→ **Work request**:
An exact retyping of all lines below is the answer; pictures do not belong in it.

→ **Dataset section**:

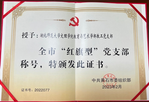 本网讯(通讯员 余复军)近日,黄石市委组织部下发决定,表彰2022年度全市党建工作先进集体,球探qiutan(中国)官方教育与艺术学部教工党支部被评为黄石市2022年度“红旗型”党支部。
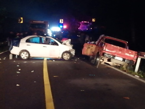 Esta noche en el kilómetro 50 de la carretera libre Valles-Rioverde, a la altura del lugar conocido como El Serranito, se registró un fuerte choque.
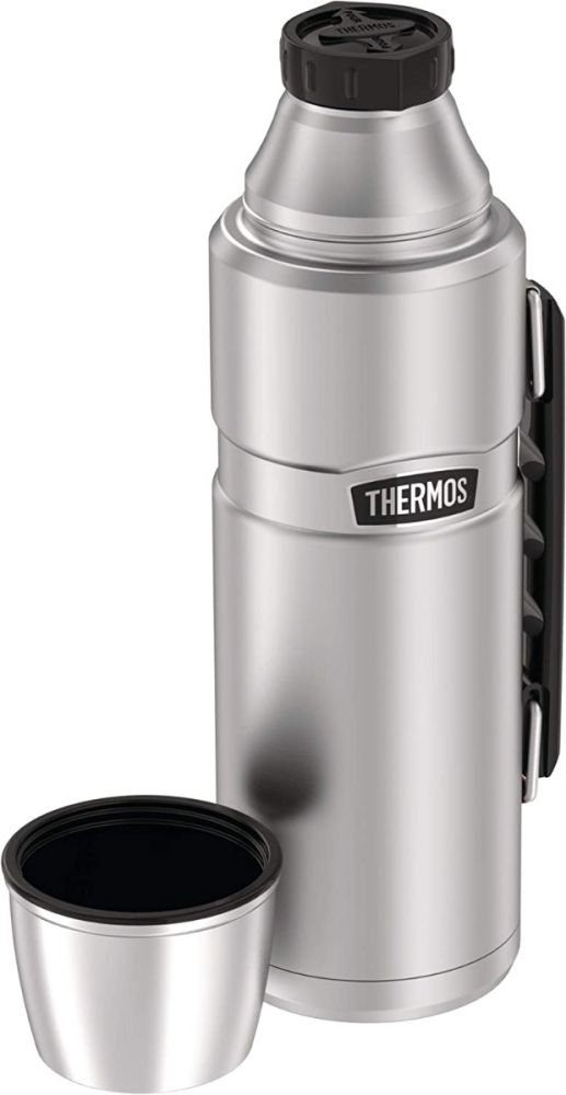 This 2L Stainless Kingâ„¢ Vacuum Insulated Flask is the perfect take-along for family camping and outdoor enthusiasts. It is constructed from a durable stainless steel design and features Thermosâ„¢ vacuum insulation, which keeps contents hot or cold for up to 24 hours. The stainless steel lid doubles as a cup, which is handy when you are out and about. The flask features an integrated handle which allows for easy carrying.

→ **Response to this exercise**:
 本网讯(通讯员 余复军)近日,黄石市委组织部下发决定,表彰2022年度全市党建工作先进集体,球探qiutan(中国)官方教育与艺术学部教工党支部被评为黄石市2022年度“红旗型”党支部。
 Esta noche en el kilómetro 50 de la carretera libre Valles-Rioverde, a la altura del lugar conocido como El Serranito, se registró un fuerte choque.
 This 2L Stainless Kingâ„¢ Vacuum Insulated Flask is the perfect take-along for family camping and outdoor enthusiasts. It is constructed from a durable stainless steel design and features Thermosâ„¢ vacuum insulation, which keeps contents hot or cold for up to 24 hours. The stainless steel lid doubles as a cup, which is handy when you are out and about. The flask features an integrated handle which allows for easy carrying.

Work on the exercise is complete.